The pyglotaran-extras package is designed to be composable, its individual plot functions like plot_concentrations, plot_sas, plot_svd, plot_residual, etc. are all building blocks that can be freely reused and rearranged to create exactly the visualization you need.

Instead of being limited to the built-in overview plots, you can:

  • Pick only the specific plot functions relevant to your analysis

  • Arrange them in any layout using matplotlib’s subplot system

  • Pass in a custom cycler to keep a consistent style across all panels

  • Apply additional matplotlib customizations on top

Let’s create a custom plotting function that combines concentration and spectra plots side by side, using a custom cycler we build from what we learned above.

from cycler import cycler
from pyglotaran_extras import plot_concentrations
from pyglotaran_extras import plot_sas, add_subplot_labels
from pyglotaran_extras.plotting.style import PlotStyle
import matplotlib.pyplot as plt

custom_cycler = PlotStyle().cycler[:3] + cycler(linestyle=["-", ":", "--"])

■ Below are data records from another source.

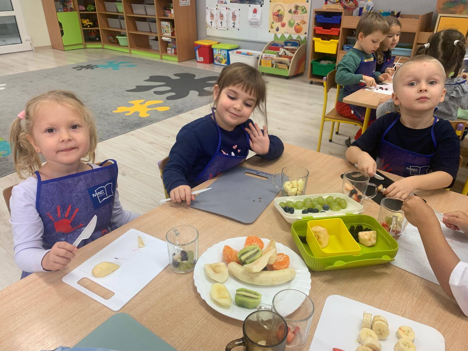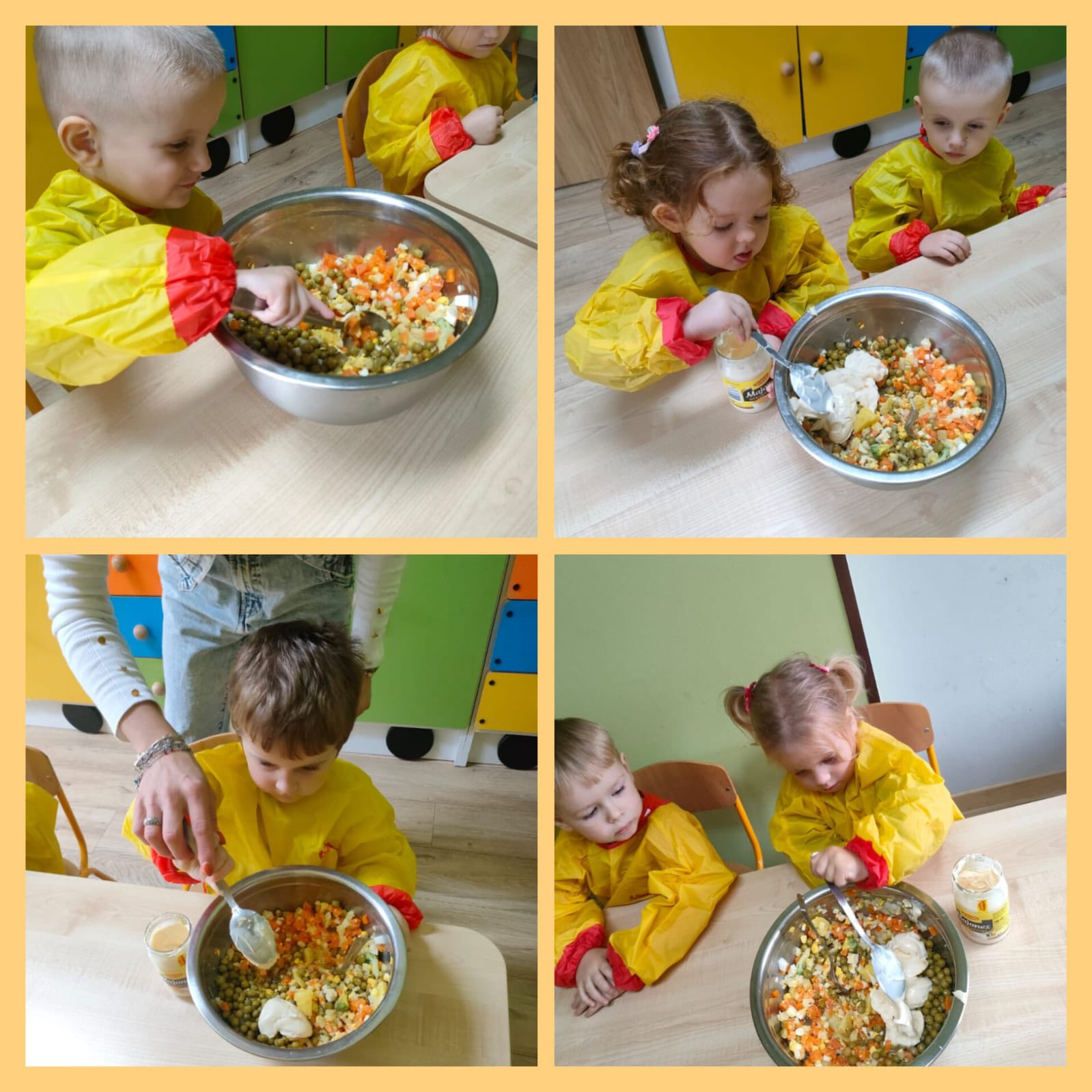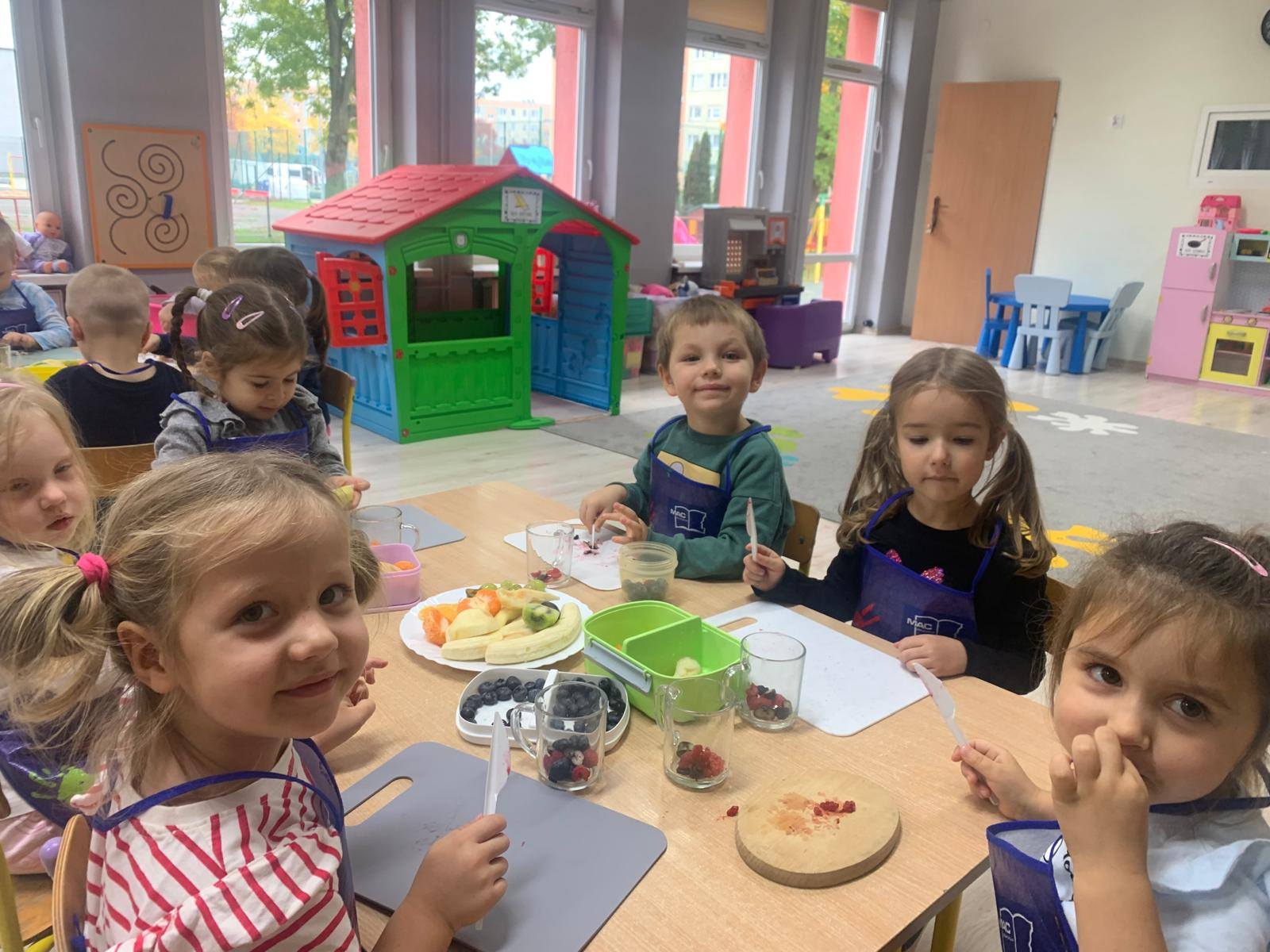 i owoców, ich nazwami, wyglądem i wartościami odżywczymi. Wybrały się również na wycieczkę do lokalnego straganu warzywno-owocowego. Na zakończenie tygodnia zrobiły pyszną, zdrową sałatkę. Dziękujemy rodzicom za przygotowanie pysznych produktów
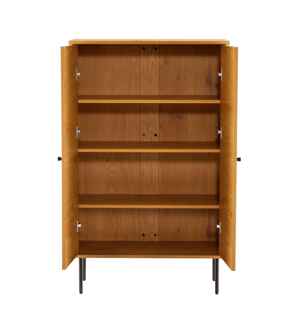 Kapp LINE 80x40xH130cm. Kapp on valmistatud tammedekooriga melamiinplaadist. Efektsed reljeefse pinnaga triibulised uksed on valmistatud mustast MDF plaadist, mida kaunistavad tammevärvi kitsad liistud. Kapi metallist jalad on viimistletud musta pulbervärviga.
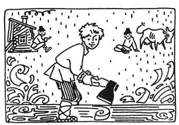 Утащили братья топор и велели ему весла тесать, рамы вязать, дома возводить, мосты наводить. А топор ни с места.
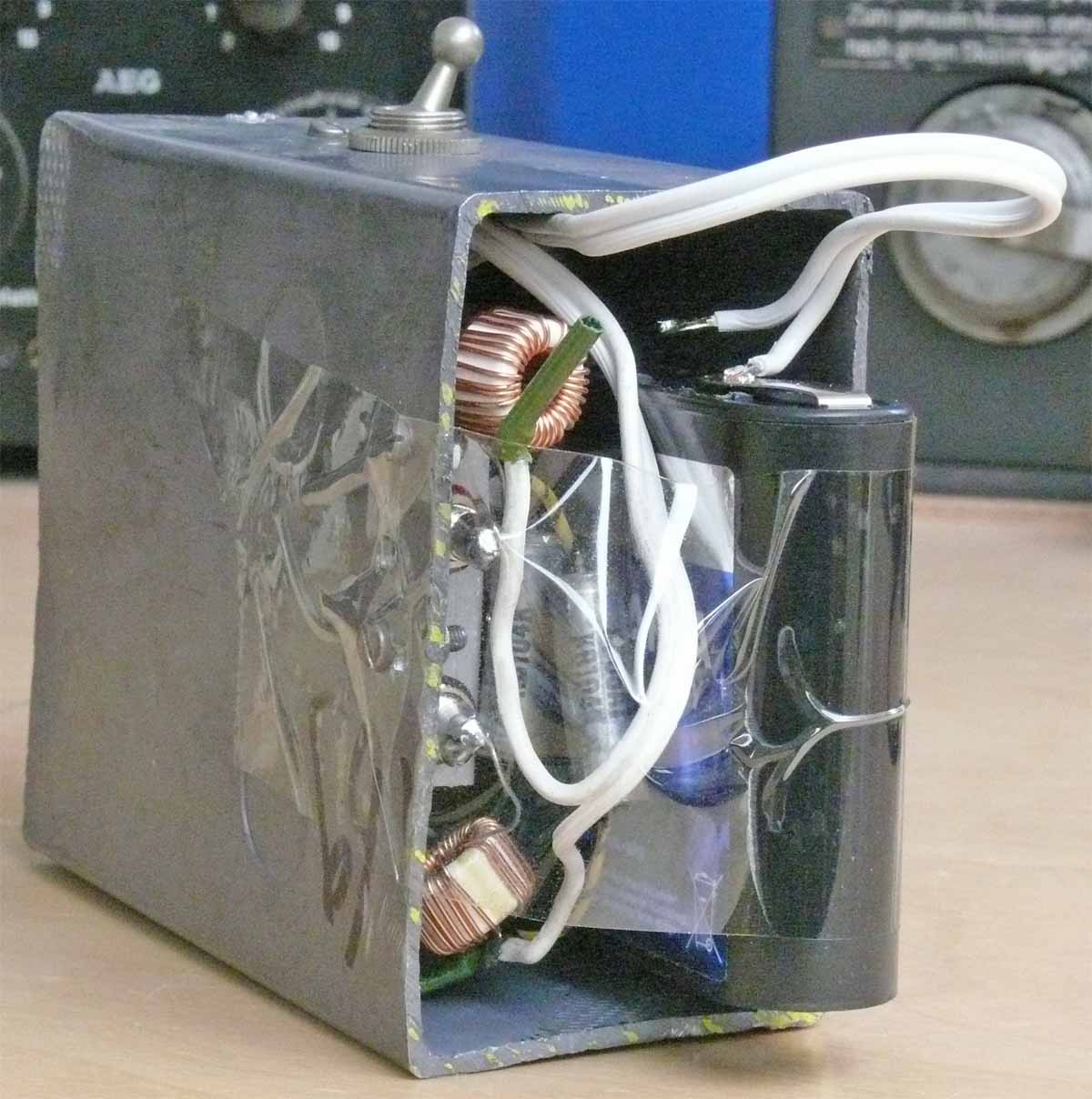 Viewing one side of the experimental Puck imitation. On the right hand-side the rear opening with a 'flat battery' well known for old continental torches. The filtering is implemented as I encountered high levels of spark interference, when the spark device being fed from a separate power supply; likely owing to radiation from the feeding cables

def plot_concentration_and_spectra(result_dataset):
    fig, axes = plt.subplots(1, 2, figsize=(15, 4))
    plot_concentrations(result_dataset, axes[0], center_λ=0, linlog=True, cycler=custom_cycler)
    plot_sas(result_dataset, axes[1], cycler=custom_cycler)
    return fig, axes


fig, axes = plot_concentration_and_spectra(ds.isel(time=slice(100, None)))
axes[0].set_xlabel("Time (ps)")
axes[0].set_ylabel("")
axes[0].axhline(0, color="k", linewidth=0.5)
axes[1].set_xlabel("Wavelength (nm)")
axes[1].set_ylabel("SADS (OD)")
axes[1].set_title("SADS")
axes[1].axhline(0, color="k", linewidth=0.5)
add_subplot_labels(axes, label_format_function="lower_case_letter", label_format_template="{})");
../_images/a5344bda77133918a3e8c11d6629662dc7b5f8ebbda2c73ad948ccb7c9401314.png

Tip

To reduce repetition check out the documentation on using plot config and how to use it for your own plot functions (use_plot_config).